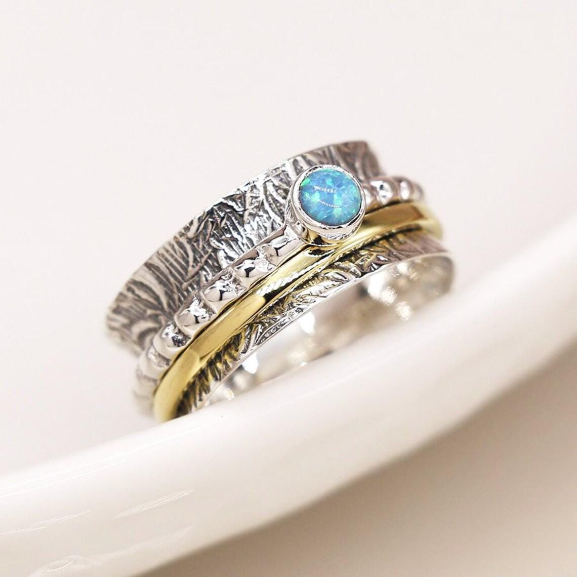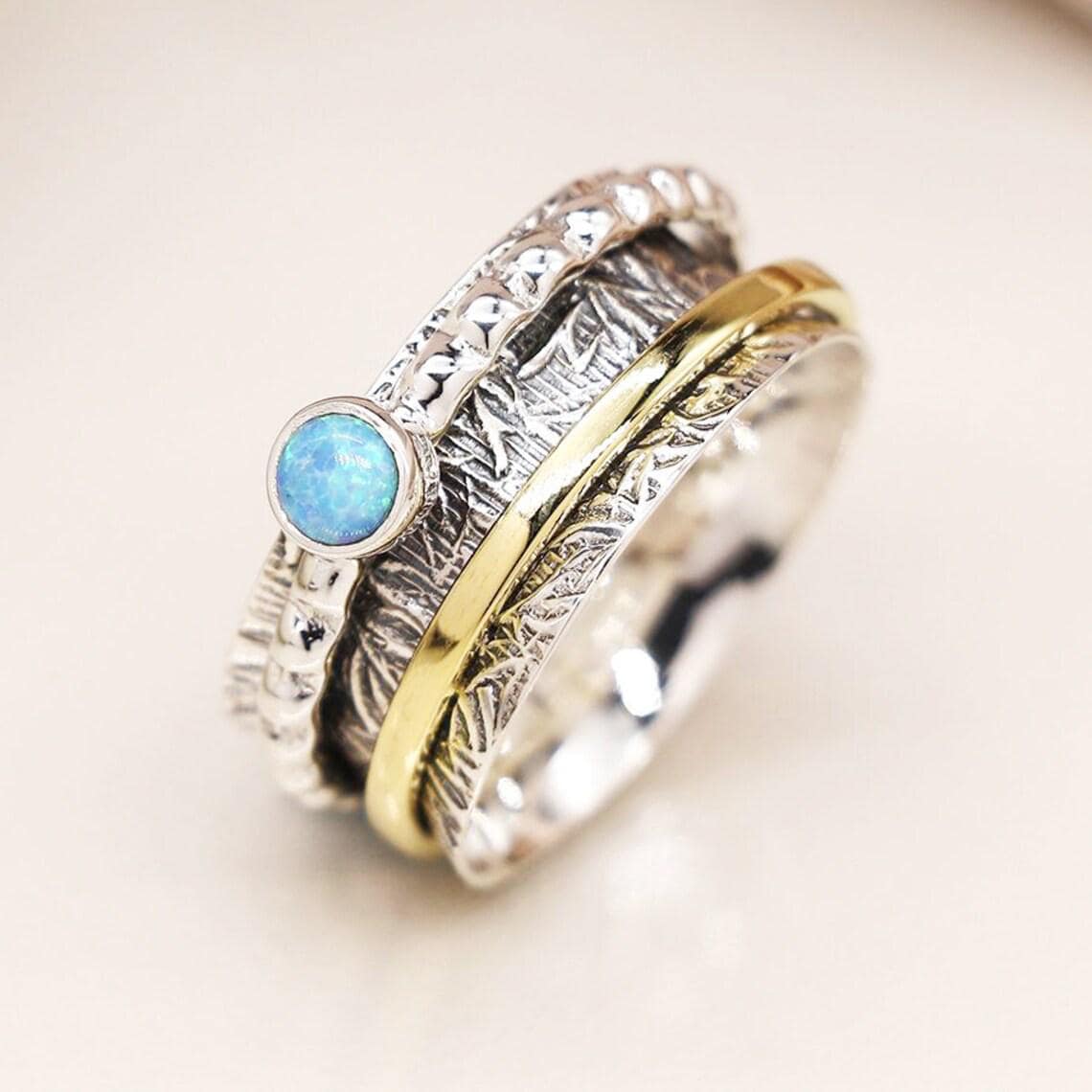 Made by hand using solid 925 sterling silver, this wide ring is built up from multiple textured layers, each carefully shaped and finished to create depth and visual interest. A polished golden brass spinner band and a dotted silver spinner band rotate freely, adding both tactile comfort and eye catching contrast. Set into the design is a 4mm blue Bello Opal, glowing with flashes of ocean blue and green.
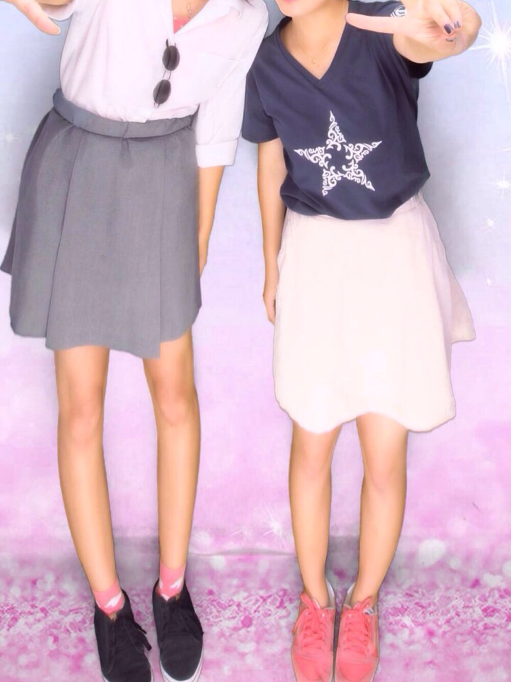 Vネックに星のプリントお気に入りです。 紺と白でモノトーンにしながらも、ピンクの靴を差し色にしています。 スニーカーでスポーティにしました。
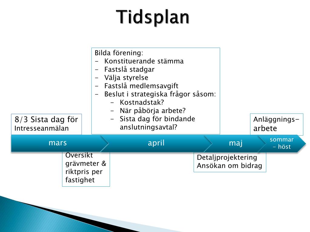 Tidsplan • Bilda förening: • Konstituerande stämma • Fastslå stadgar • Välja styrelse • Fastslå medlemsavgift • Beslut i strategiska frågor såsom: • Kostnadstak? • När påbörja arbete? • Sista dag för bindandeanslutningsavtal? Anläggnings-arbete 8/3 Sista dag för Intresseanmälan april maj mars sommar- höst Översikt grävmeter & riktpris per fastighet Detaljprojektering Ansökan om bidrag
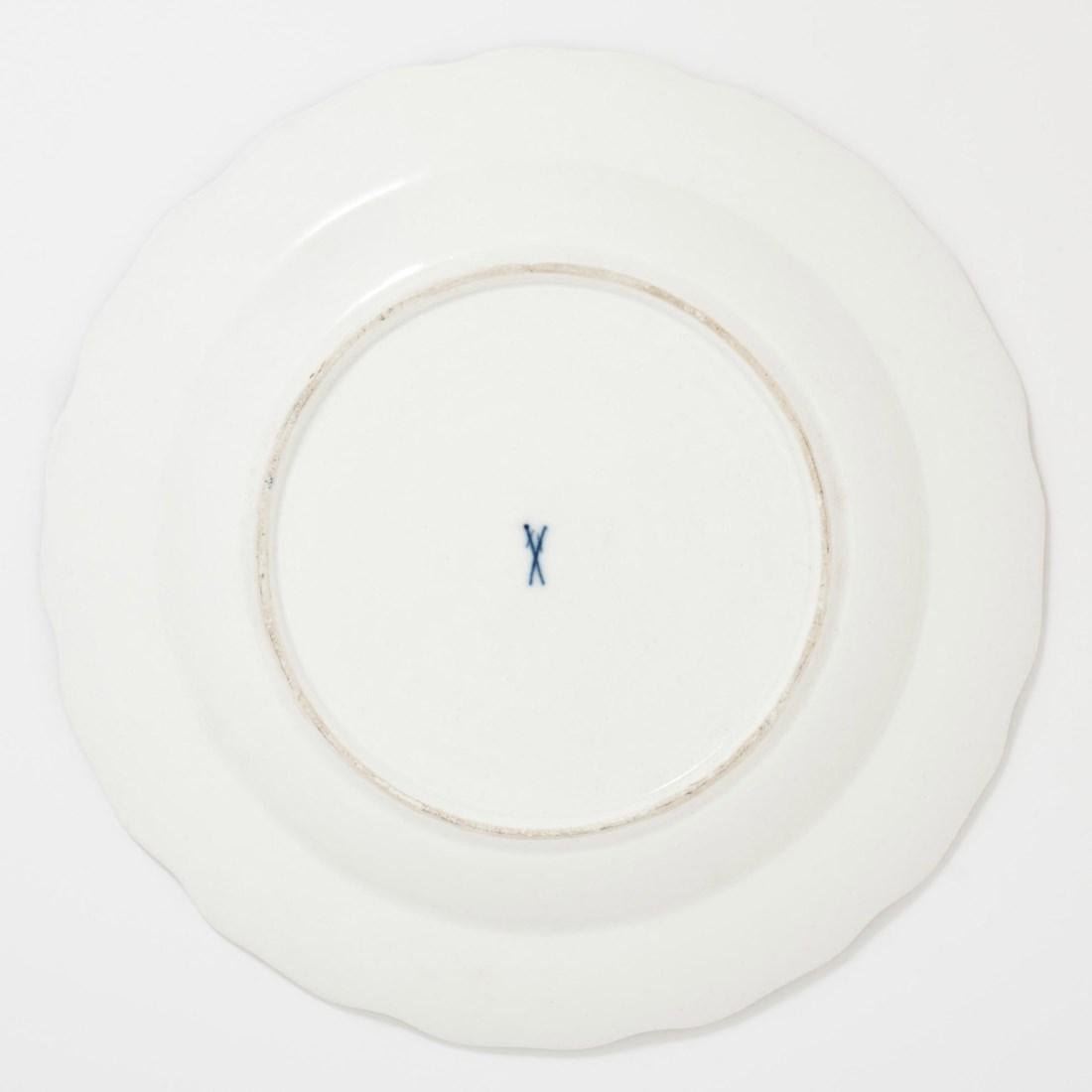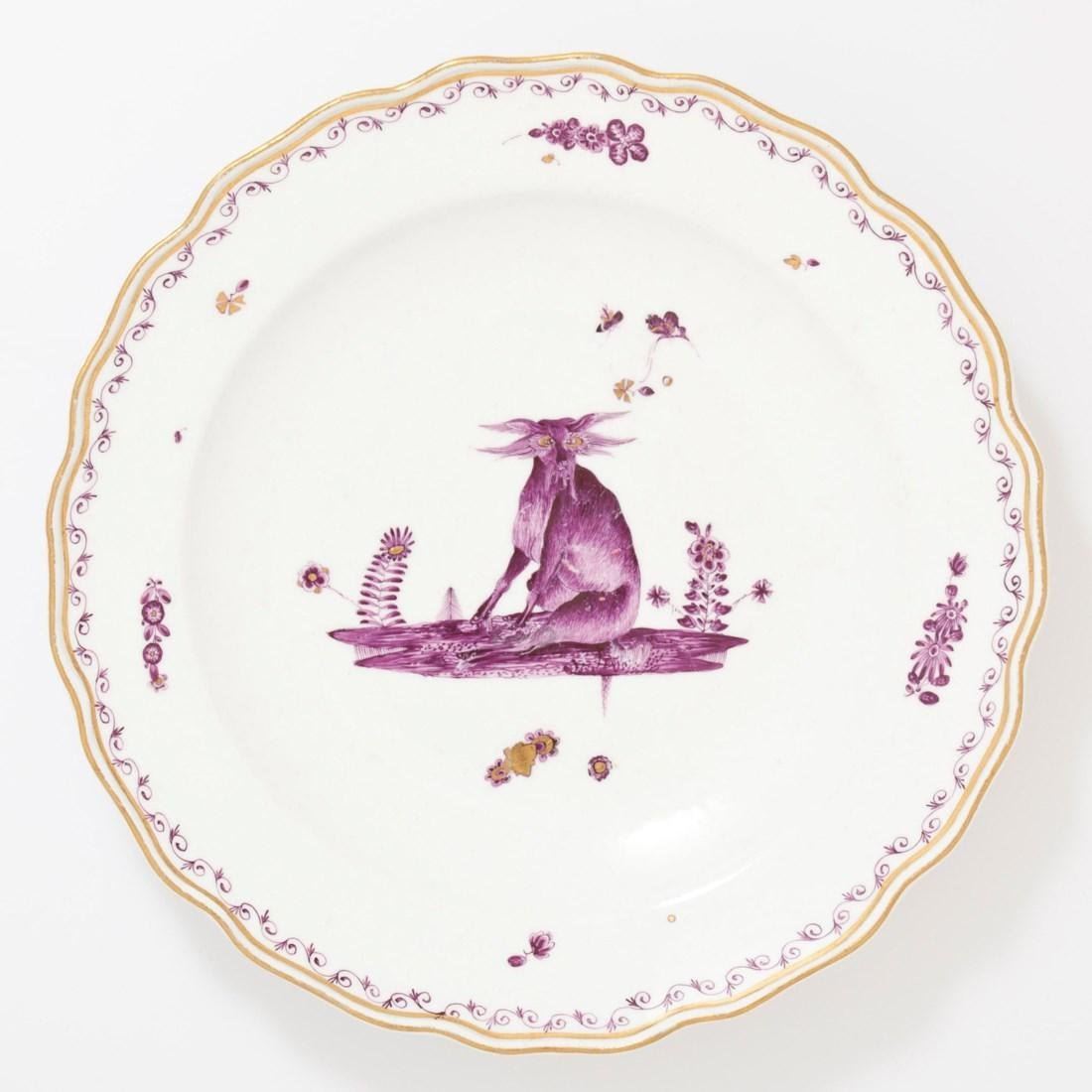 CIRCA 1745, BLUE CROSSED SWORDS MARK AND DREHER'S / MARK. Painted in the manner of Löwenfinck in puce with a mythical beast. 9 1/8 in. (23.2 cm.) diameter.

────────────────────

The result should be a word-for-word restatement of all the data, without images.

 Made by hand using solid 925 sterling silver, this wide ring is built up from multiple textured layers, each carefully shaped and finished to create depth and visual interest. A polished golden brass spinner band and a dotted silver spinner band rotate freely, adding both tactile comfort and eye catching contrast. Set into the design is a 4mm blue Bello Opal, glowing with flashes of ocean blue and green.
 Vネックに星のプリントお気に入りです。 紺と白でモノトーンにしながらも、ピンクの靴を差し色にしています。 スニーカーでスポーティにしました。
 Tidsplan • Bilda förening: • Konstituerande stämma • Fastslå stadgar • Välja styrelse • Fastslå medlemsavgift • Beslut i strategiska frågor såsom: • Kostnadstak? • När påbörja arbete? • Sista dag för bindandeanslutningsavtal? Anläggnings-arbete 8/3 Sista dag för Intresseanmälan april maj mars sommar- höst Översikt grävmeter & riktpris per fastighet Detaljprojektering Ansökan om bidrag
 CIRCA 1745, BLUE CROSSED SWORDS MARK AND DREHER'S / MARK. Painted in the manner of Löwenfinck in puce with a mythical beast. 9 1/8 in. (23.2 cm.) diameter.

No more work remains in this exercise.